• What is needed:
Restate every line below word for word, but drop each picture.

• Data section:
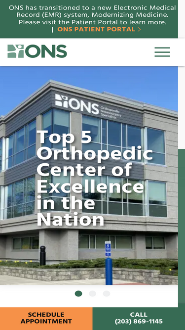 92%At ONS, our fellowship-trained orthopedic and neurosurgical specialists are ranked among the best in the country. Castle Connolly has also named ONS a Top 5 Orthopedic Center of Excellence in the nation, recognizing our outstanding quality and expertise. Our physicians live in your neighborhood, send their kids to local schools, and care for both community and elite athletes. Let ONS physicians provide the care to restore what matters most. That’s the ONS difference. See the premiere Orthopedic and Neurosurgery practice in Fairfield and Westchester counties.
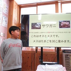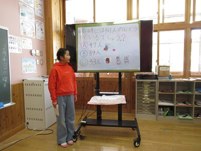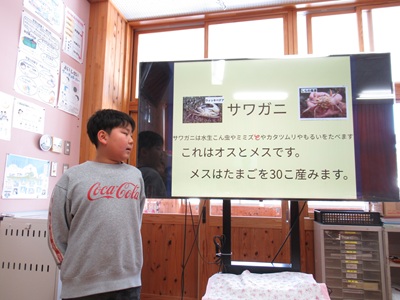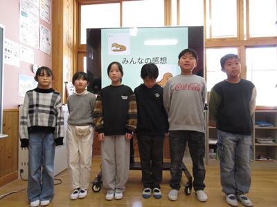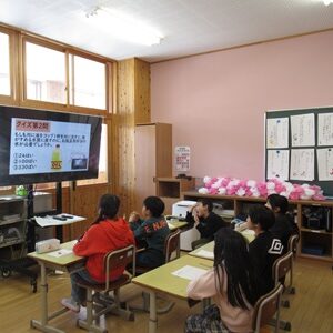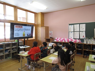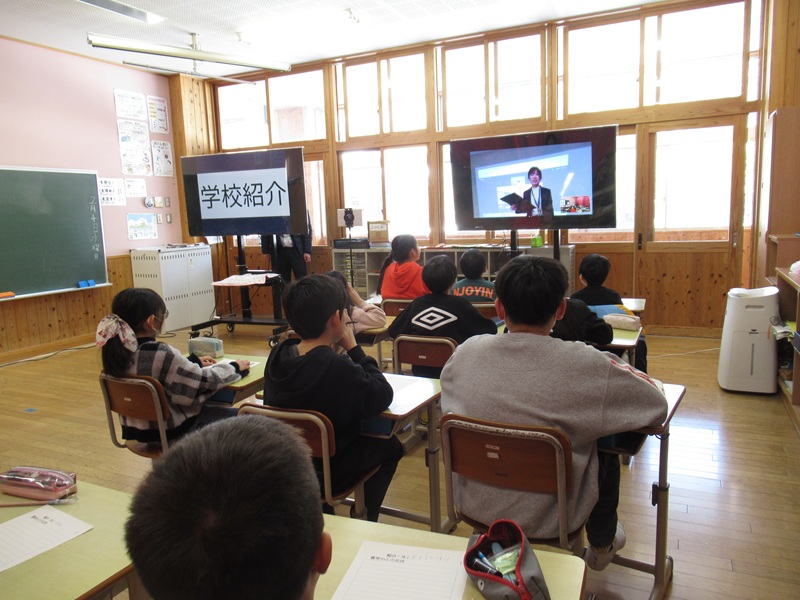 3・4年生は、東広島市の豊栄小学校とZOOMで総合的な学習の取り組みについて交流しました。初めにお互いの学校紹介をクイズ形式で行いました。豊栄小学校のキャラクターの「おとまる」の紹介や由来を教えてくださいました。その次に、総合的な学習での取り組みを発表しました。豊栄小学校はオオサンショウウオを守る活動として、オオサンショウウオのグッズやシール、スタンプラリーの作成、ビデオ制作をされていることがわかりました。私たちがしていない取り組みをされていて、とても驚き、勉強になりました。高時小の3・4年は「大谷川の水質調査」や「大谷川の水生生物」「大谷川を守る活動」について発表しました。この授業を終えて、子どもたちは「わくわくして楽しかった」「豊栄小の活動を知ることができてすごく参考なった」などの感想がありました。豊栄小学校の3・4年の皆さん、先生方、本当にありがとうございました。
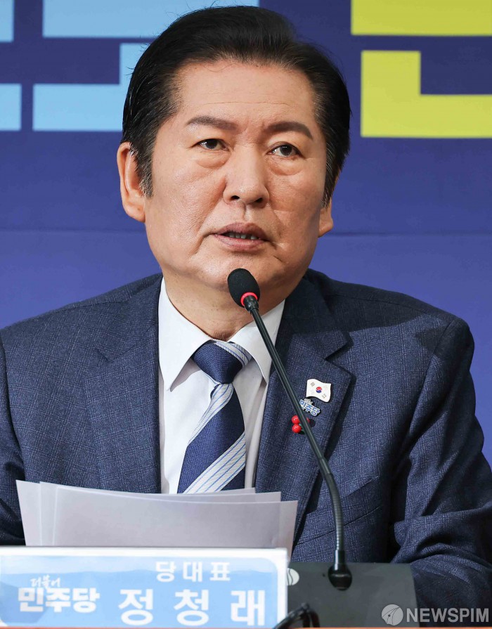 [서울=뉴스핌] 윤창빈 기자 = 정청래 더불어민주당 대표가 22일 서울 여의도 국회에서 열린 최고위원회의에서 모두발언을 하고 있다. 2025.12.22 pangbin@newspim.com
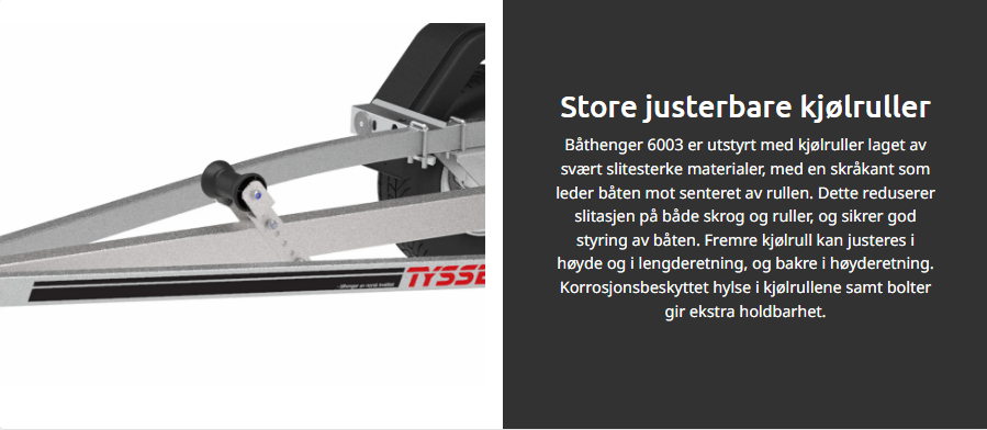 - Kjølruller med suverene rulleegenskaper: Vår båthenger har kjølruller laget av svært slitesterke materialer, med en skråkant som leder båten mot senteret av rullen. Dette reduserer slitasjen på både skrog og ruller, og sikrer god styring av båten. Fremre kjølrull kan justeres i høyde og i lengderetning, og bakre i høyderetning. Korrosjonsbeskyttet hylse i kjølrullene samt bolter gir ekstra holdbarhet.

• Answer space:
 92%At ONS, our fellowship-trained orthopedic and neurosurgical specialists are ranked among the best in the country. Castle Connolly has also named ONS a Top 5 Orthopedic Center of Excellence in the nation, recognizing our outstanding quality and expertise. Our physicians live in your neighborhood, send their kids to local schools, and care for both community and elite athletes. Let ONS physicians provide the care to restore what matters most. That’s the ONS difference. See the premiere Orthopedic and Neurosurgery practice in Fairfield and Westchester counties.
 3・4年生は、東広島市の豊栄小学校とZOOMで総合的な学習の取り組みについて交流しました。初めにお互いの学校紹介をクイズ形式で行いました。豊栄小学校のキャラクターの「おとまる」の紹介や由来を教えてくださいました。その次に、総合的な学習での取り組みを発表しました。豊栄小学校はオオサンショウウオを守る活動として、オオサンショウウオのグッズやシール、スタンプラリーの作成、ビデオ制作をされていることがわかりました。私たちがしていない取り組みをされていて、とても驚き、勉強になりました。高時小の3・4年は「大谷川の水質調査」や「大谷川の水生生物」「大谷川を守る活動」について発表しました。この授業を終えて、子どもたちは「わくわくして楽しかった」「豊栄小の活動を知ることができてすごく参考なった」などの感想がありました。豊栄小学校の3・4年の皆さん、先生方、本当にありがとうございました。
 [서울=뉴스핌] 윤창빈 기자 = 정청래 더불어민주당 대표가 22일 서울 여의도 국회에서 열린 최고위원회의에서 모두발언을 하고 있다. 2025.12.22 pangbin@newspim.com
 - Kjølruller med suverene rulleegenskaper: Vår båthenger har kjølruller laget av svært slitesterke materialer, med en skråkant som leder båten mot senteret av rullen. Dette reduserer slitasjen på både skrog og ruller, og sikrer god styring av båten. Fremre kjølrull kan justeres i høyde og i lengderetning, og bakre i høyderetning. Korrosjonsbeskyttet hylse i kjølrullene samt bolter gir ekstra holdbarhet.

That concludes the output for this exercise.